Walk into any store or browse online, and you'll spot women's magazines everywhere — they're massively popular. Given that the vast majority of today's women's publications launched within the last 100 years, it would be easy to assume this is a fairly recent cultural invention. The truth, though, is that the concept goes back much further than most people realize.

The very first magazine created specifically for women, The Ladies' Mercury, hit the press on February 27, 1693. Physically, it wasn't much to look at — just a single large sheet of paper with printing on both sides. Yet its content would feel surprisingly familiar to modern readers.
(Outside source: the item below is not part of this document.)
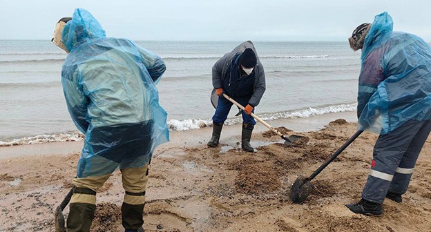 Оперштаб Краснодарского края сообщил сегодня, что новых выбросов мазута на берегу не найдено.

Relationship guidance, fashion tips, humor pieces, and an advice column where readers submitted their personal dilemmas all made appearances. That reader-submitted section eventually became known as the "problem page."

The Ladies' Mercury didn't emerge out of thin air — it was actually a spin-off of The Athenian Mercury, an existing publication that catered to a broader readership with coverage of topics like religion, science, and marriage. That earlier magazine featured a question and answer column, and its publisher, John Dunton, began to notice a pattern: many of the questions submitted by female readers clustered around the same subjects. This observation inspired him to create a dedicated women's edition of his magazine, carrying over the beloved advice column from the original publication.

Despite lasting only four weeks in print, The Ladies' Mercury left an outsized mark on publishing history. Its appearance quickly inspired other publishers to launch their own women's-focused magazines, kicking off a tradition that remains alive and thriving to this day.